My cell phone went off at five in the morning this morning. I ran to the phone with dread, knowing it had to be bad news. I saw the caller ID: MOM RIBON (you have to put in a last name. It’s so dumb.)
Everybody’s dead. Everybody’s sick. The dog’s in the hospital. Mom’s in the hospital. Bosie’s missing. She crashed the car. The house is on fire. She’s been robbed. Everybody’s dead.
Nothing. No sound. Then a little sound, a rustle. Like air, maybe.
“Mom? Mom? Mom!”
Nothing. Then a rustle again. Nothing.
her phone probably called me. everybody’s phone does that. remember your phone called Jay while you were drinking a martini and then you had a drunken crazy conversation, asking him how florida is when he lives in texas? you woke him up and couldn’t figure out the time zone? and then your phone immediately called chris and you probably woke him up, too? mom’s phone probably just called you, that’s all. calm down. calm down.
if her phone’s in her purse she can’t hear you, stupid. unless she’s been in an accident, and her car is in a ditch right now, and she’s calling you while she waits for an ambulance, just to hear your voice in case it’s the last minute of her life, and you’re spending it wailing her name instead of telling her that you love her and you want her to stay strong and wait for the ambulance and that she’s going to be okay. what are you going to do? how long are you going to stand there and call her name? you like talking to her purse? what if she’s already dead?
I hung up. I called back.
“Hello?” Mom. Chipper. I could picture her driving to work, putting her headset into her ear, fiddling with the microphone. “Good morning, Pamie! What’s up?”
“You called me.”
“Yeah, I probably did.” Then she laughed and laughed and laughed. “Sorry!”

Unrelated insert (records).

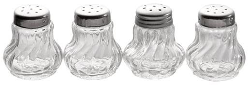Menážka – 4 kusy v súprave s dávkovacími zásobníkmi na soľ, na čierne korenie a na korenie, materiál sklo a oceľ, výška 40 mm, vhodná do umývačky riadu Súprava štyroch mini koreničiek z priehľadného skla je určená na soľ, korenie, alebo ďalšie dochucovadlá. Súprava nádobiek APS 40503 obsahuje koreničky vysoké iba 4 cm a v kuchyni ani na stole
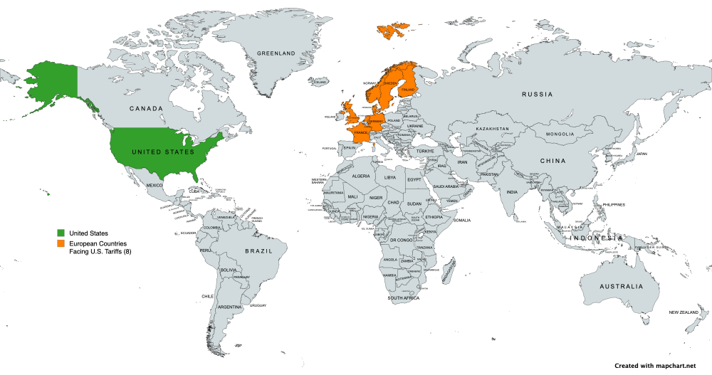 On Saturday, Trump said the United States would impose a 10% tariff on imports from Denmark, Norway, Sweden, France, Germany, the United Kingdom, the Netherlands, and Finland starting February 1. He added that the rate would rise to 25% on June 1 if negotiations over Greenland do not produce what he described as a satisfactory outcome. The president framed the tariffs as a response to recent deployments of small military units to Greenland by several European NATO members.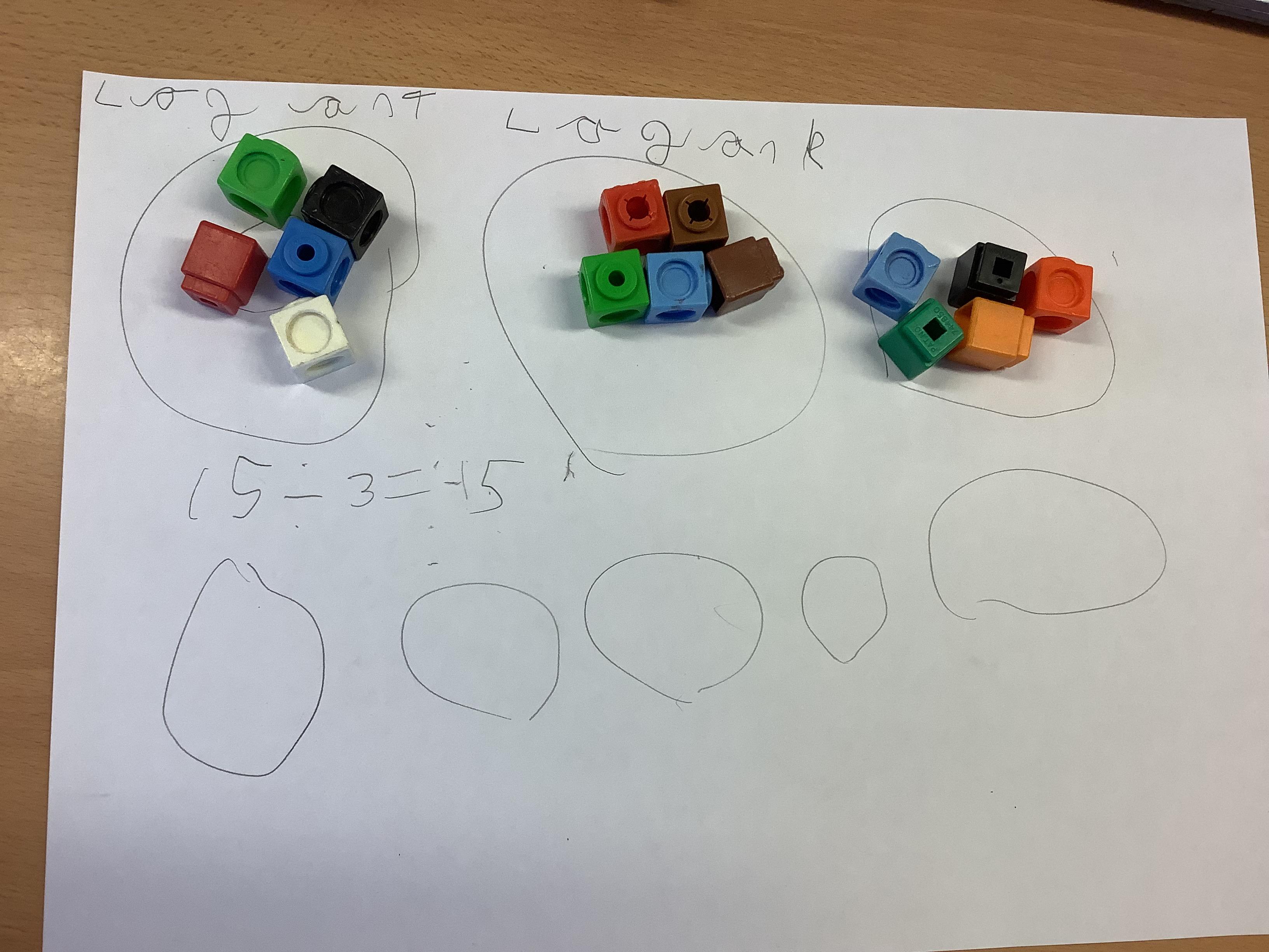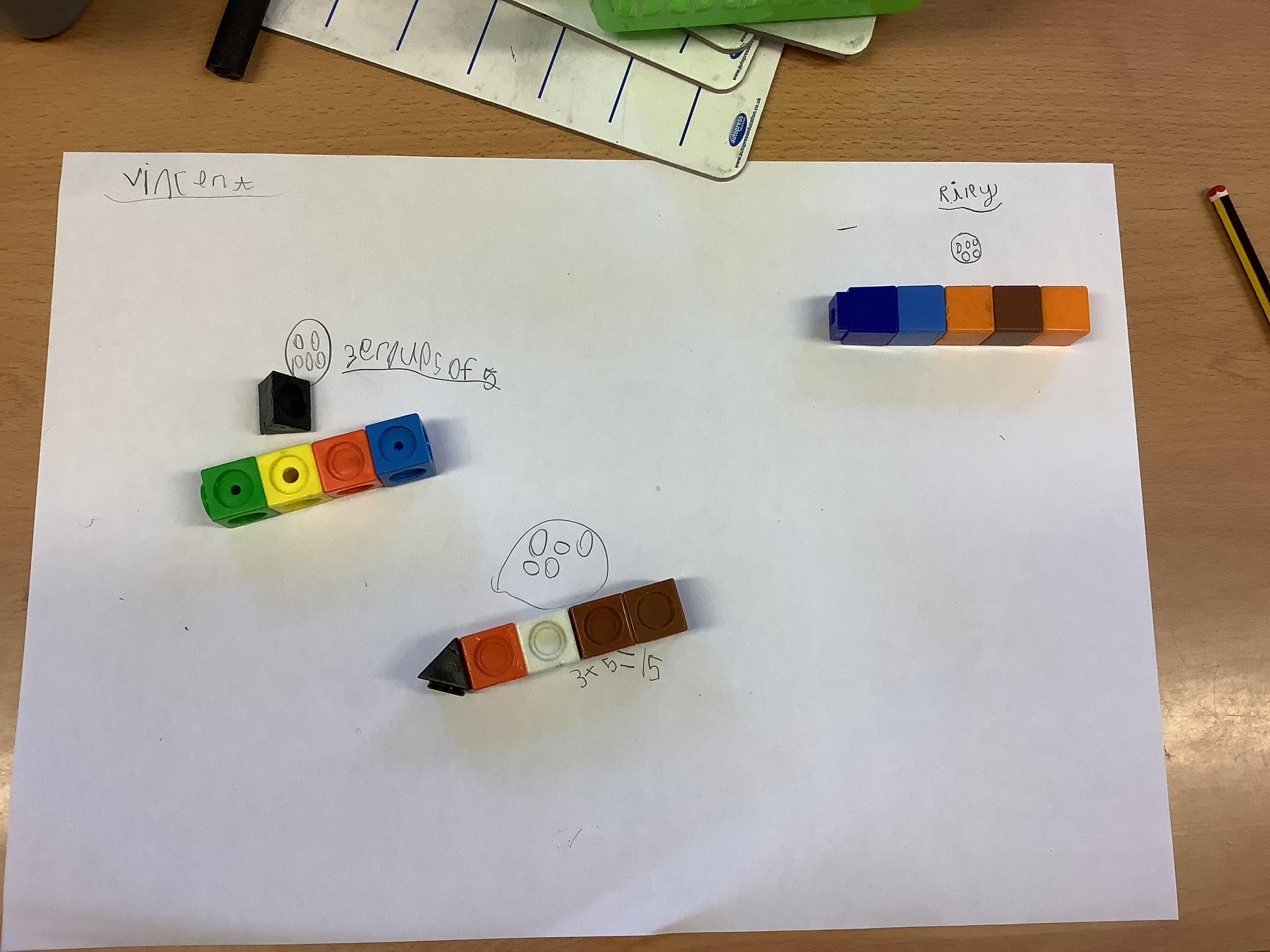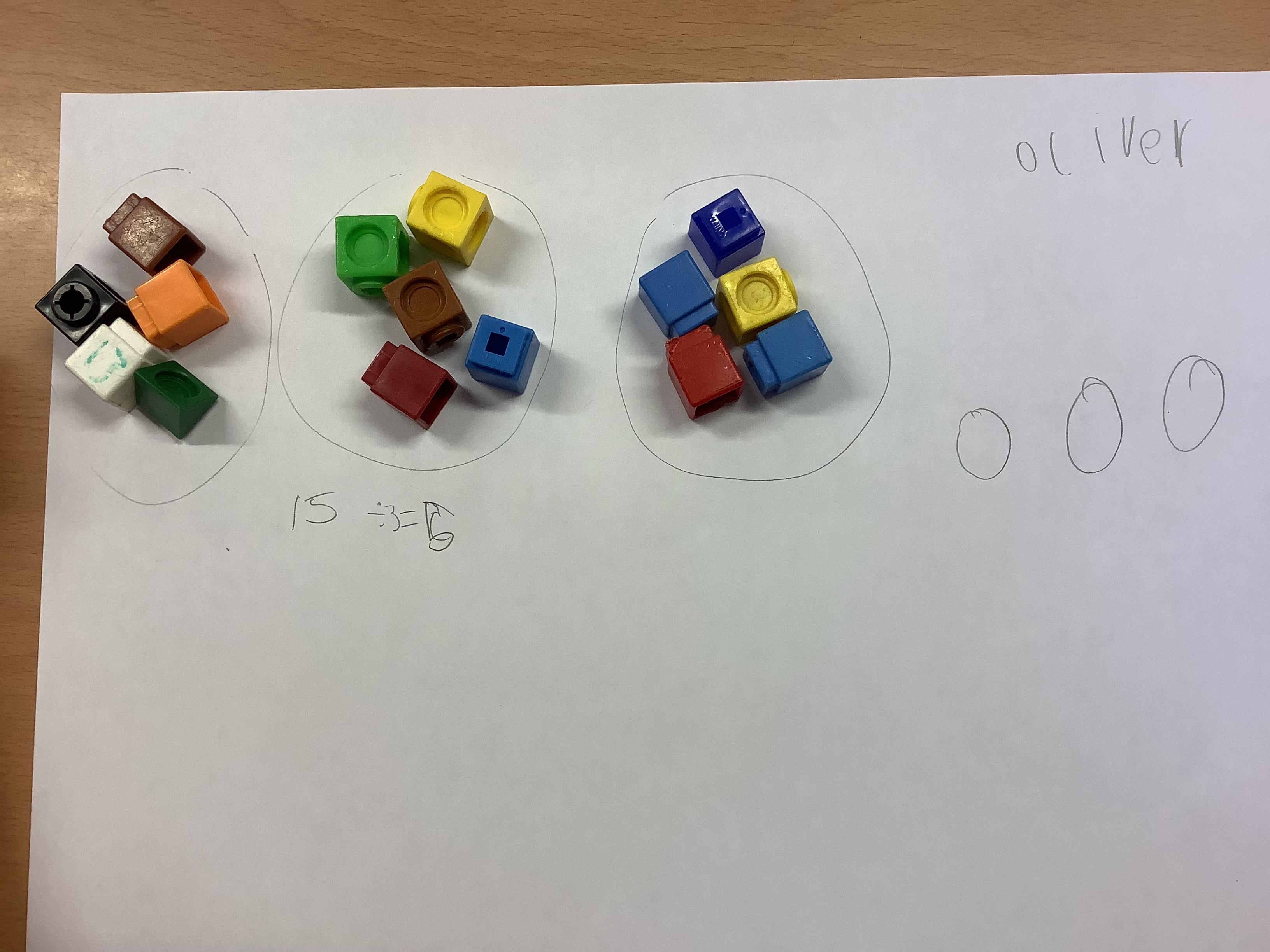 This week we will be learning the inverse or opposite of multiplication, division. We started off by looking at sharing. Children were given an amount to share between groups such as, 'share 20 cubes between 5 groups. They had to draw how many groups there are, 5, and then share the amount between them so 20. They the looked at how many they had in each group to get the answer. This led to them writing 20 shared between 5 groups = 4 each.
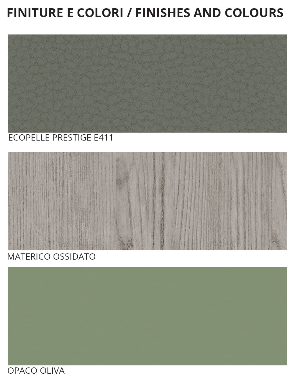 cabeceira revestida em couro ecológico , mesa de cabeceira com uma gaveta e cômoda com 4 gavetas (composta por 4 elementos modulares) em madeira lacada oxidada e mate com acabamento oliva ,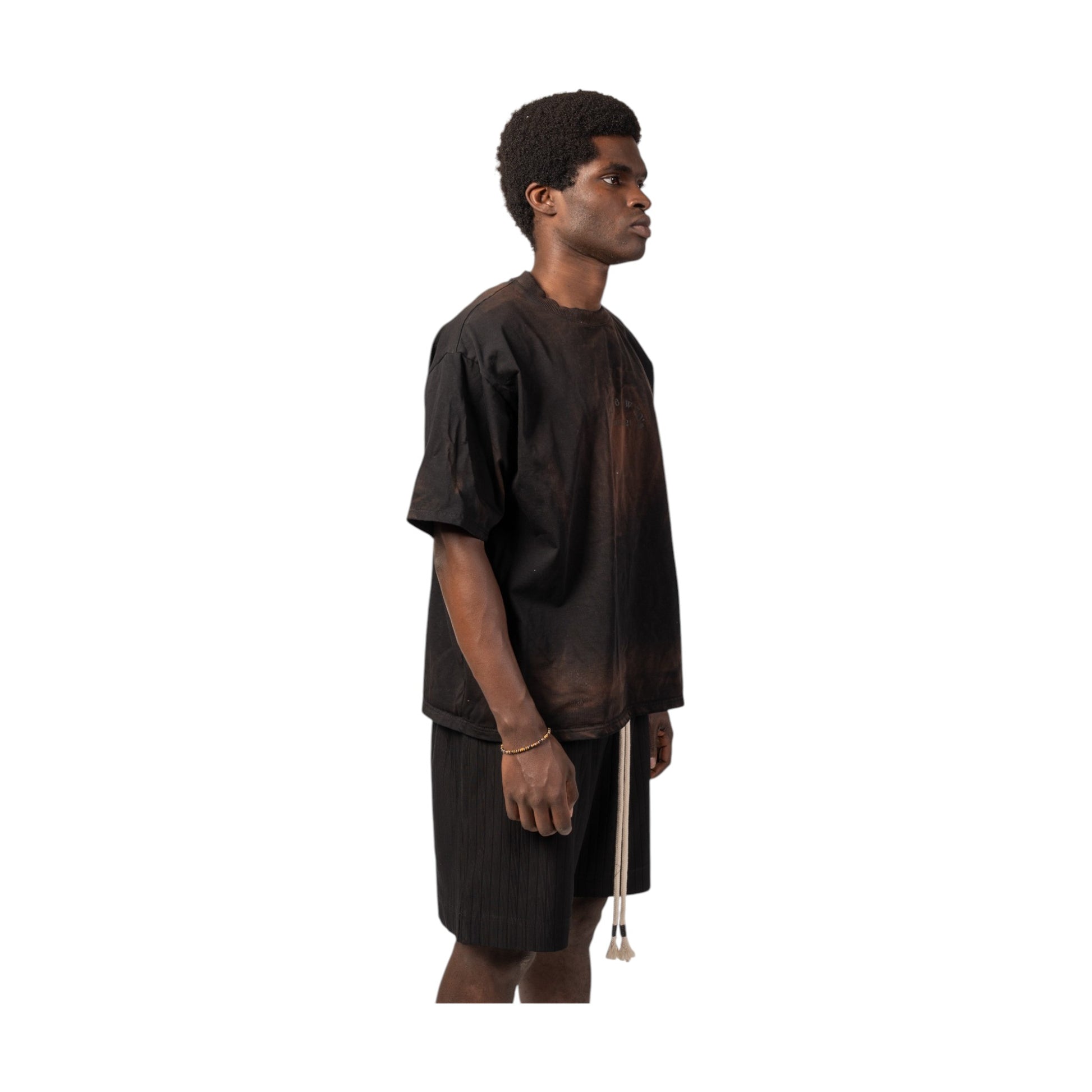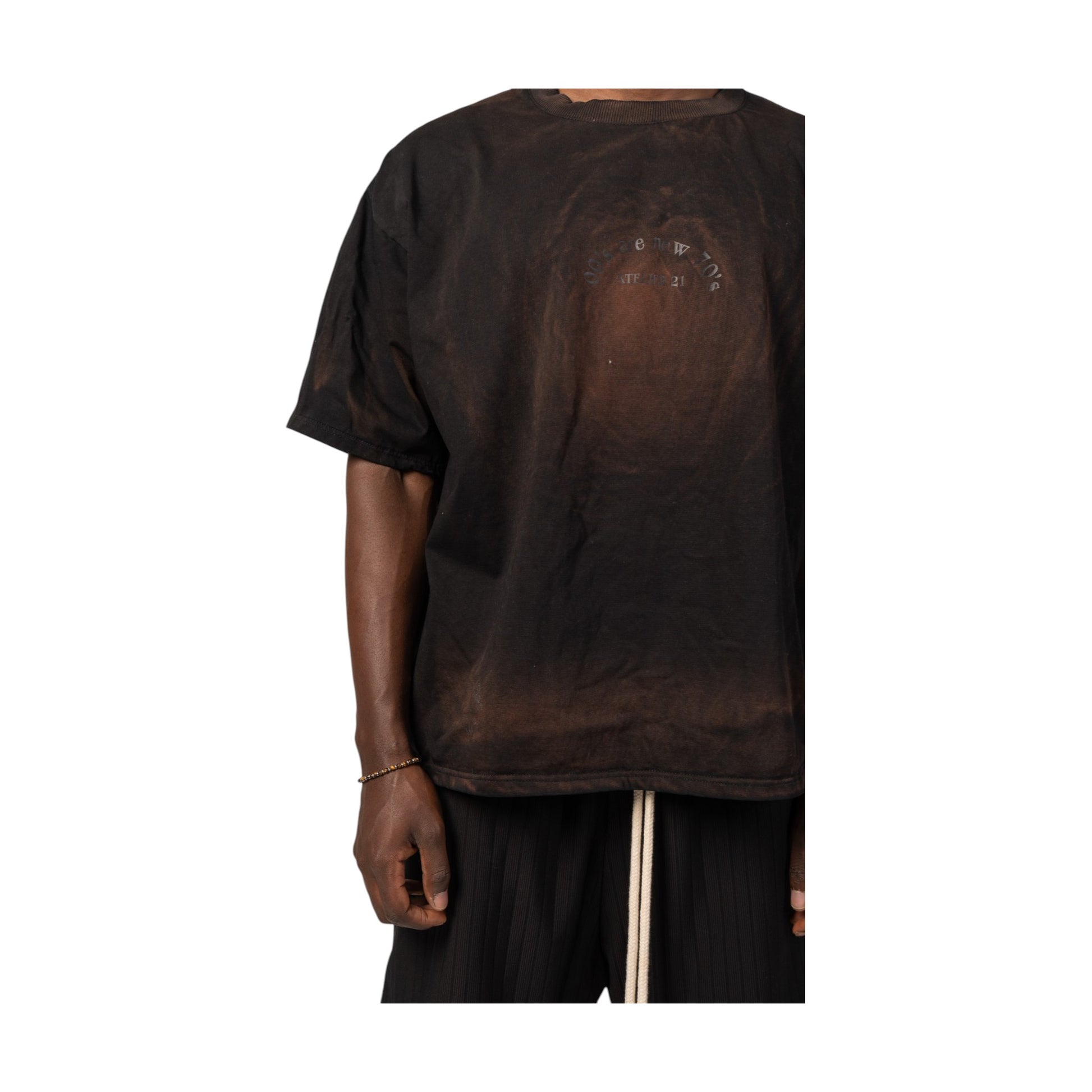 Black tee with brown washes and print black on black on the center, each shirt has a difference from the others.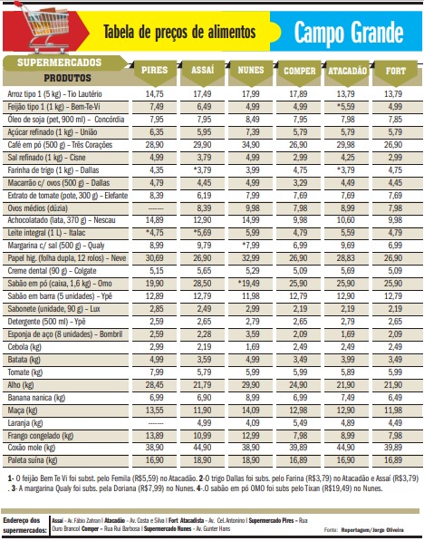 Queda no preço da carne e estabilidade dos hortifrutis aliviam custo da cesta básica em Campo Grande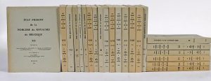 Bruxelles, Tradition et vie, 1960 [- 1970]. 22 vol. in-4° carré (la plupart des vol. ou qqs pp. dans les autres lég. brunis, qqs pp. non coupées). Brochés (qqs dos lég. passés). COLLECTION COMPLÈTE de la 1re série de cet ouvrage de référence publié sous la direction de José Anne de Molina, Oscar Coomans de Brachène, Xavier de Ghellinck Vaernewyck et Georges de Hemptinne. Illustré d'armoiries in texto et de planches figurant des reproductions de portraits et de châteaux.

“I thought you were dead in a ditch.”
Then she laughed some more. “My phone does that sometimes. Sorry to wake you. Go back to bed.”
I couldn’t fall back to sleep, still jittery from the fake near-death experience. I tossed and turned.
stee: “Your mom sure thought that was funny.”
“That lady’s killing me.”
- The Basic Eight, by Daniel Handler. There’s a line in the book about “A Series of Unfortunate Incidents.” Heh.